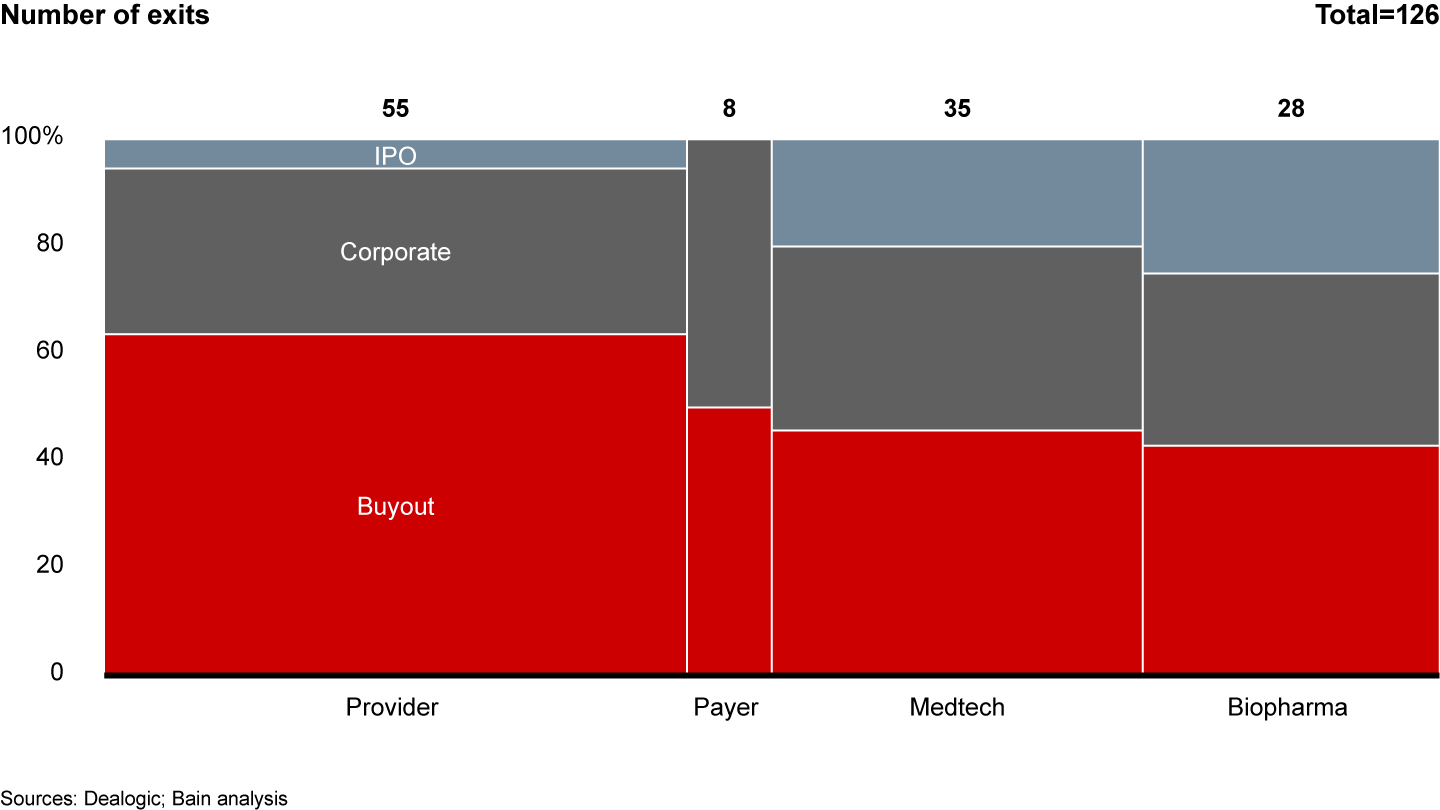 Biopharma and medtech exits continue to differ from those in the provider and payer sectors. In biopharma and medtech, sales to corporates, or IPOs, are more prevalent. By contrast, provider and payer sectors both feature a high concentration of sponsor-to-sponsor deals, with some corporate activity (see Figure 13).
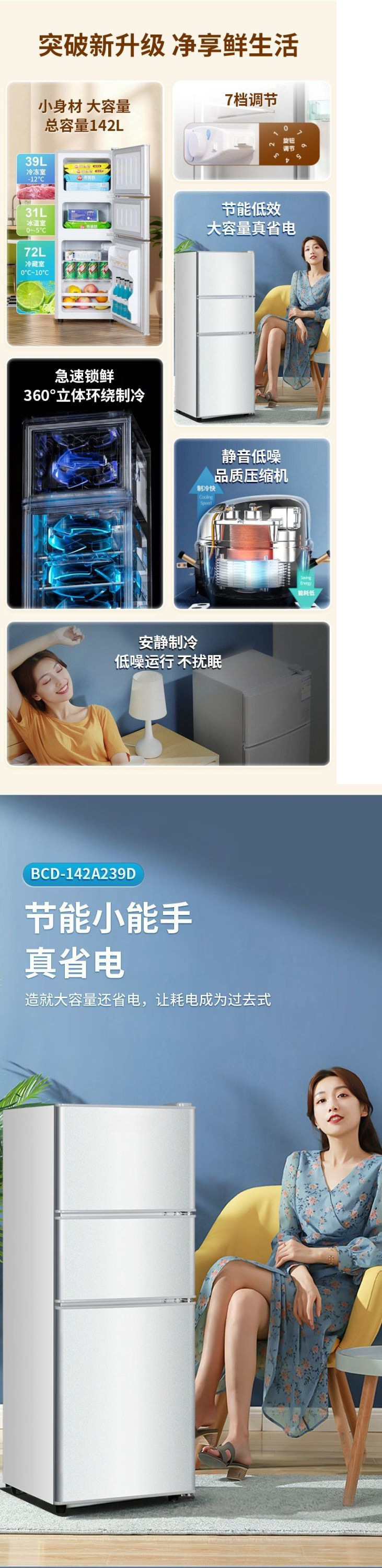 냉장고 양문형 대용량 에너지 절약형 3도어 가정용 기숙사 임대실 소형 냉장고
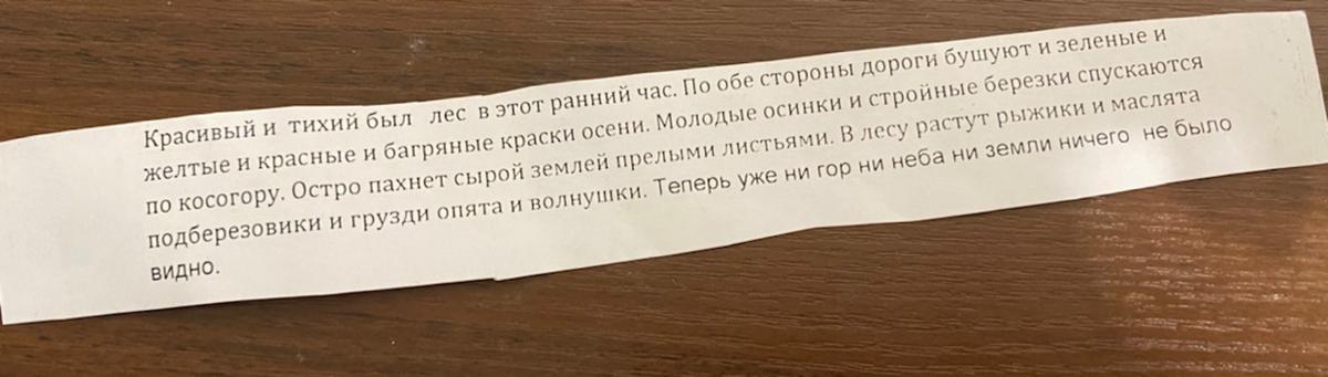 Красиво (наречие; одн. _._._), тихо (наречие; одн. _._._) было (гл. = ) в (предлог) лесу (сущ. _._._) в (предлог) этот (местоим. ~) ранний (прилагат. ~) час (сущ. _._._). По (предлог) обе стороны (числ., сущ. _._._) дороги (сущ. _ _ _), бушуют (гл. = ) зелёные (прилагат., одн. ~), жёлтые (прилагат., одн. ~), красные (прилагат., одн. ~) и (союз) багровые (прилагат., одн. ~) краски (сущ.) осени (сущ. _ _ _). Молодые (прилагат. ~) осинки (сущ., одн. подлежащее) и (союз) стройные (прилагат. ~) берёзки (сущ., одн. подлежащее) спускаются (гл. = ) по (предлог) косогору (сущ. _ _ _). Остро (наречие _._._) пахнет (гл. = ) сырой (прилагат. ~) землёй (сущ. одн. _ _ _), прелыми (прилагат. ~) листьями (сущ. одн. _ _ _). Из (предлог) вороха (сущ. одн. _ _ _) старых (прилагат. ~) листьев (сущ. _ _ _), из (предлог) травы (сущ. одн. _ _ _) и (союз) из (предлог) валежника (сущ. одн. _ _ _) выглядывают (гл. = ) грибы (сущ.). В (предлог) лесу (сущ. _._._) растут (гл. = ) рыжики (сущ., одн. подлежащее), маслята (сущ., одн. подлежащее), подберёзовики (сущ., одн. подлежащее), грузди (сущ., одн. подлежащее), опята (сущ., одн. подлежащее) и (союз) волнушки (сущ., одн. подлежащее).
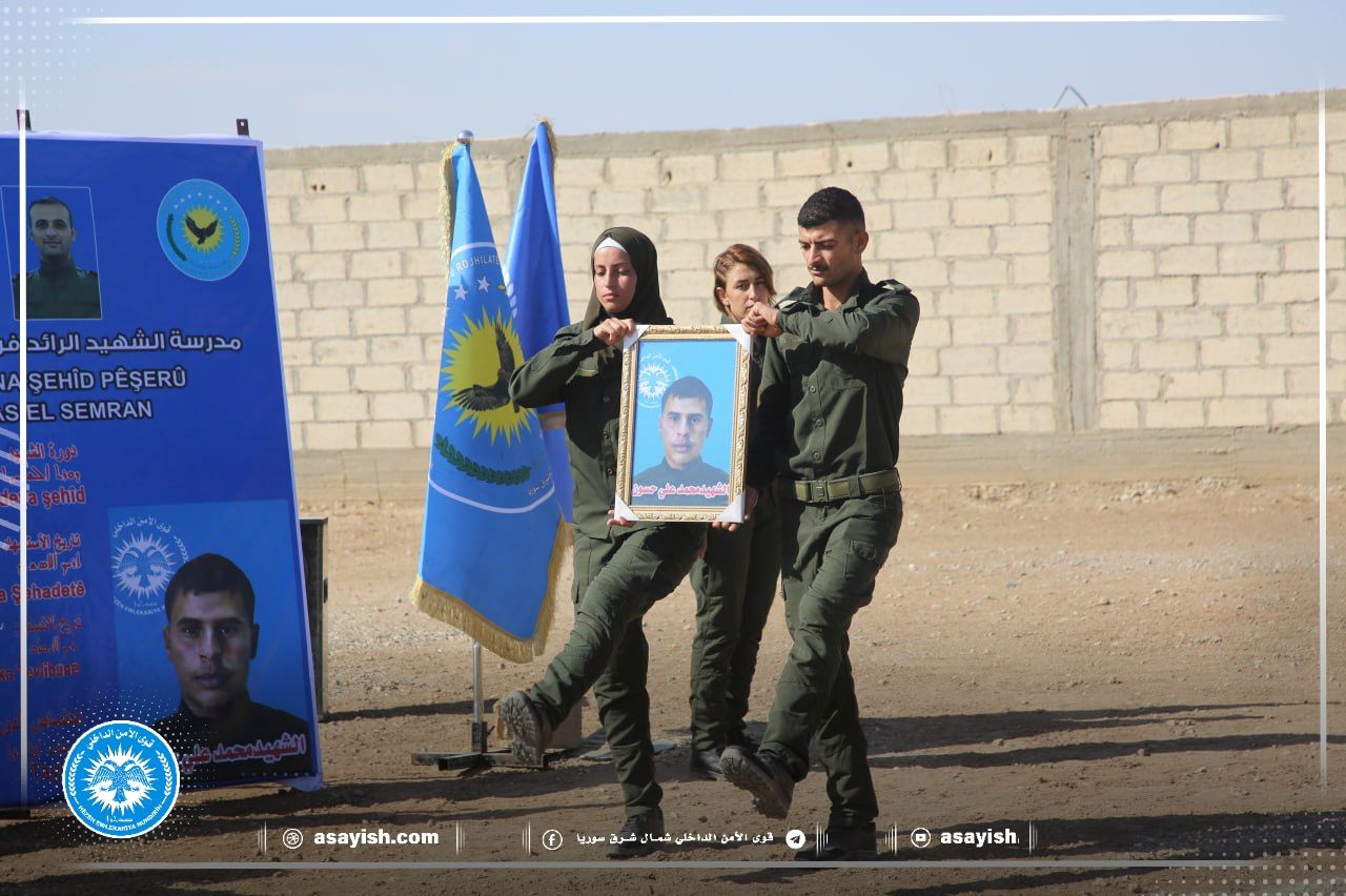 Merasîm bi beşdarbûna Fermandariya Giştî ya Hêzên Ewlekariya Hundirîn a Jinê, Rêveberiya Giştî ya fakulte û Dibistanan, Beşa Tenduristiyê ya Bakur û Rojhilatê Sûriyeyê û malbata şehîd dest pê kir.

········

→ **TASK PROMPT**
Write the listing out a second time exactly, dropping all images.

→ **EXERCISE ANSWER**
 Biopharma and medtech exits continue to differ from those in the provider and payer sectors. In biopharma and medtech, sales to corporates, or IPOs, are more prevalent. By contrast, provider and payer sectors both feature a high concentration of sponsor-to-sponsor deals, with some corporate activity (see Figure 13).
 냉장고 양문형 대용량 에너지 절약형 3도어 가정용 기숙사 임대실 소형 냉장고
 Красиво (наречие; одн. _._._), тихо (наречие; одн. _._._) было (гл. = ) в (предлог) лесу (сущ. _._._) в (предлог) этот (местоим. ~) ранний (прилагат. ~) час (сущ. _._._). По (предлог) обе стороны (числ., сущ. _._._) дороги (сущ. _ _ _), бушуют (гл. = ) зелёные (прилагат., одн. ~), жёлтые (прилагат., одн. ~), красные (прилагат., одн. ~) и (союз) багровые (прилагат., одн. ~) краски (сущ.) осени (сущ. _ _ _). Молодые (прилагат. ~) осинки (сущ., одн. подлежащее) и (союз) стройные (прилагат. ~) берёзки (сущ., одн. подлежащее) спускаются (гл. = ) по (предлог) косогору (сущ. _ _ _). Остро (наречие _._._) пахнет (гл. = ) сырой (прилагат. ~) землёй (сущ. одн. _ _ _), прелыми (прилагат. ~) листьями (сущ. одн. _ _ _). Из (предлог) вороха (сущ. одн. _ _ _) старых (прилагат. ~) листьев (сущ. _ _ _), из (предлог) травы (сущ. одн. _ _ _) и (союз) из (предлог) валежника (сущ. одн. _ _ _) выглядывают (гл. = ) грибы (сущ.). В (предлог) лесу (сущ. _._._) растут (гл. = ) рыжики (сущ., одн. подлежащее), маслята (сущ., одн. подлежащее), подберёзовики (сущ., одн. подлежащее), грузди (сущ., одн. подлежащее), опята (сущ., одн. подлежащее) и (союз) волнушки (сущ., одн. подлежащее).
 Merasîm bi beşdarbûna Fermandariya Giştî ya Hêzên Ewlekariya Hundirîn a Jinê, Rêveberiya Giştî ya fakulte û Dibistanan, Beşa Tenduristiyê ya Bakur û Rojhilatê Sûriyeyê û malbata şehîd dest pê kir.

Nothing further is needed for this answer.